◆ **DATA FOR THE TASK**:
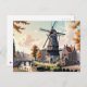 Clássico Vintage Holland Windmill. Este impressão apresenta uma visão ilustrada de uma paisagem urbana de Amsterdã e de uma moenda d'água. Design notável, incrivelmente perfeito.
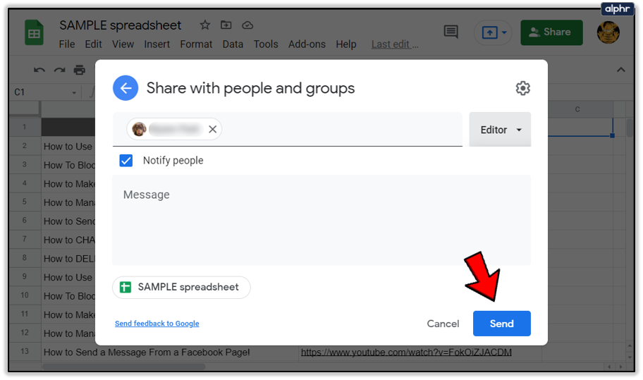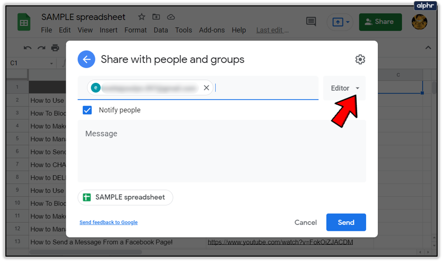 With the editing permission, other users of the Google Sheet can edit the cell content and modify it to their needs. This is always recorded in the revision history. Whenever someone wants to check the previous edits, they’ll be able to do so. Here’s how you can give editing permission:
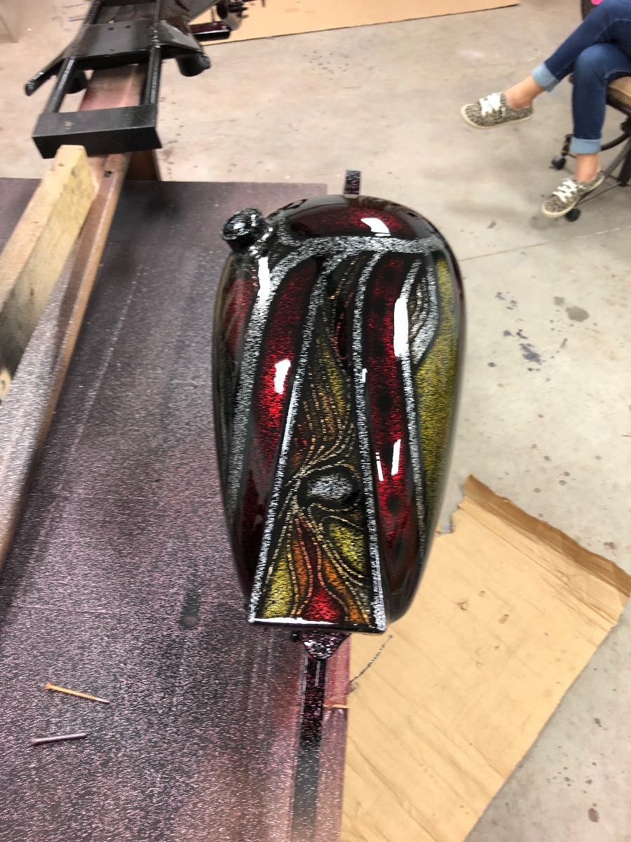 Ha Ha ... I got shades man. I was going for all in ,over the top and ...... well....... I decided to do huge chunks of gold leaf thrown down over some areas of the brandywine. Also another brandywine coat was laid before the clear/flake. I started to knockdown the gold leaf chunks ,before I lay some gold leaf lines to tie it all together then airbrush touchup all of it then final clear.
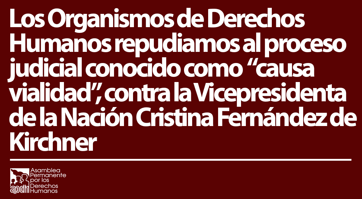 Los Organismos de Derechos Humanos abajo firmantes expresamos nuestro enorme repudio al proceso judicial conocido como “causa vialidad”, que tramita ante los tribunales de Comodoro Py contra la Vicepresidenta de la Nación Cristina Fernández de Kirchner.
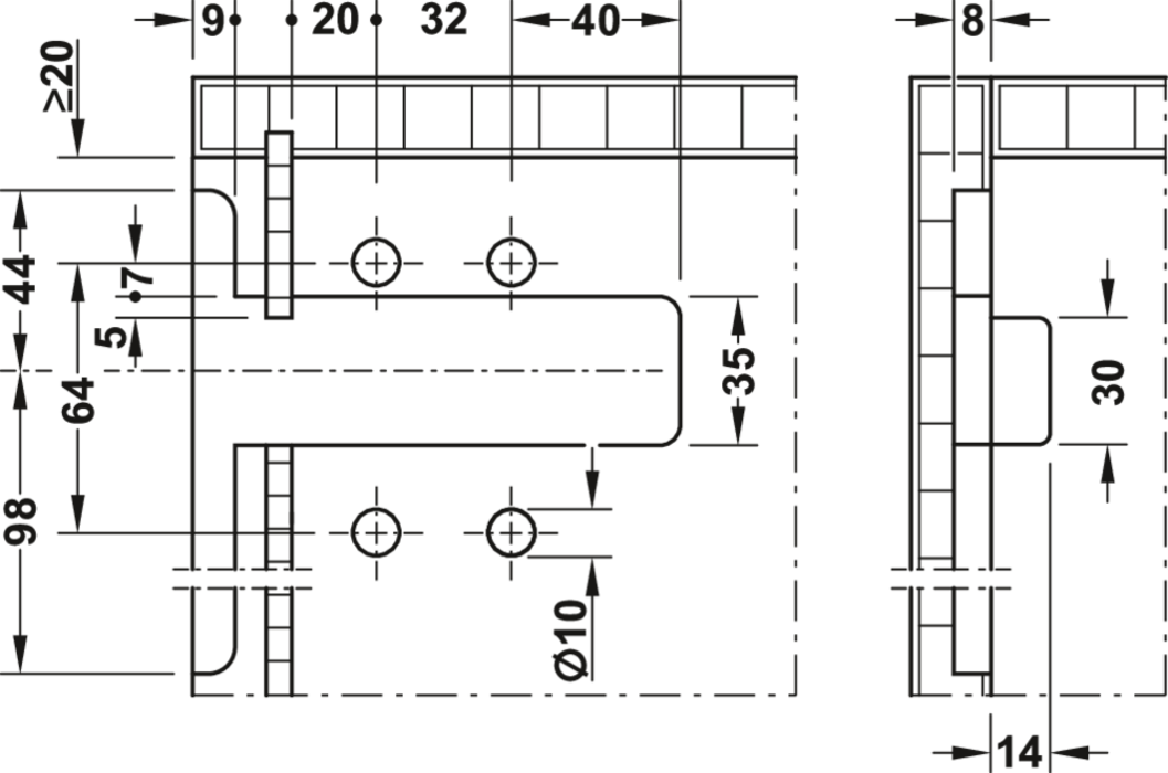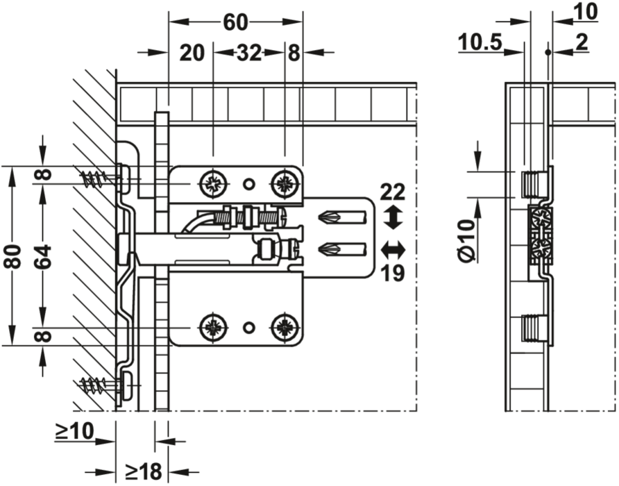Häfele 290.40.903 / Camar závěsné kování P pro spodní skříňky, 120 kg, pozink

◆ **WHAT TO DO**: Set down the complete material exactly, but do not include the images.

◆ **TASK ANSWER**:
 Clássico Vintage Holland Windmill. Este impressão apresenta uma visão ilustrada de uma paisagem urbana de Amsterdã e de uma moenda d'água. Design notável, incrivelmente perfeito.
 With the editing permission, other users of the Google Sheet can edit the cell content and modify it to their needs. This is always recorded in the revision history. Whenever someone wants to check the previous edits, they’ll be able to do so. Here’s how you can give editing permission:
 Ha Ha ... I got shades man. I was going for all in ,over the top and ...... well....... I decided to do huge chunks of gold leaf thrown down over some areas of the brandywine. Also another brandywine coat was laid before the clear/flake. I started to knockdown the gold leaf chunks ,before I lay some gold leaf lines to tie it all together then airbrush touchup all of it then final clear.
 Los Organismos de Derechos Humanos abajo firmantes expresamos nuestro enorme repudio al proceso judicial conocido como “causa vialidad”, que tramita ante los tribunales de Comodoro Py contra la Vicepresidenta de la Nación Cristina Fernández de Kirchner.
Häfele 290.40.903 / Camar závěsné kování P pro spodní skříňky, 120 kg, pozink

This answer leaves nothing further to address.